My wife and I rarely do things alone. It is not because we have to do them together but because we love doing them together. Even if it is just walking down the street I love having her by my side. I love talking about what we see or what we want or need to do that day or that week or weekend. I love making plans with her, the feel of her hand in mine as we walk down the street and just knowing that she is there. That is one of the biggest things that I miss.
It is amazing to walk these ancient cobblestone streets filled with people and feel alone. To wish you were holding the hand of the one that you love but your hand is empty. To see these amazing sites and have no one to share them with, and to realize how much she and your daughters would love to experience what you are seeing.
We have been Facebook chatting and making video calls and that helps, trust me. But there is just something about being there in the flesh.
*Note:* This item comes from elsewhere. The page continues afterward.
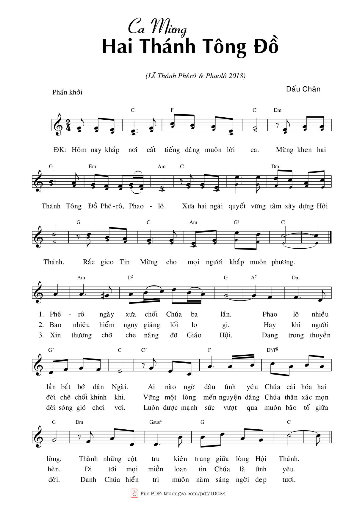 Điệp khúc. Hôm nay khắp nơi cất tiếng dâng muôn lời ca. Mừng khen hai Thánh Tông đồ Phê-rô, Phao-lô. Xưa hai ngài quyết vững tâm xây dựng Hội Thánh. Rắc gieo Tin Mừng cho mọi người khắp muôn phương.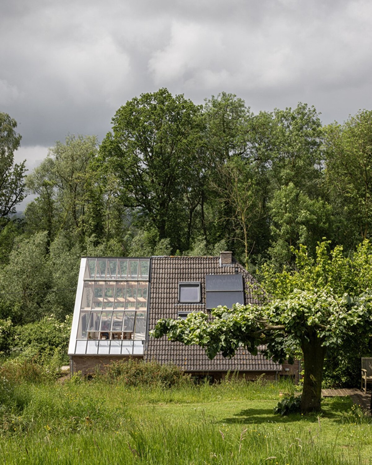 1990'lardan kalma tipik bir çiftlik evinin sahipleri, bu eve duydukları güçlü duygusal bağ nedeniyle sürdürülebilir bir yenileme talebiyle Hé! Architecten'e başvuruyor. Doğanın içinde, bu evde yaşlanmayı hayal eden çift, aynı zamanda yapının çevresiyle kopmuş olan bağını yeniden kurmayı hedefliyordu. Talepleri oldukça netti: Bir sobanın merkezde yer aldığı, açık ve samimi bir yaşam alanı oluşturmak. Bu süreçte aileleri ve dostları da projeye aktif olarak dahil oluyor.

The food has been good, and I have met new people and never usually eat alone, and yet, there is something about gathering around the dinner table with your family. The camaraderie of the intimate conversation around the table. Yes, I sit at a table for 3 meals and we talk about many things, but there is something about the personal exchange of a family at mealtime.
So, my first three weeks have been interesting and I have learned a lot both about my job and the country and town. Next week I will be learning more PLC programming and ABB Robots and I am excited about that.
I thought I would give you a list of the top 10 things I miss.
Being this far my loved ones has shown me what I truly have waiting for me and can't wait for this trip to be over so I can hug all 4 of them when I get there.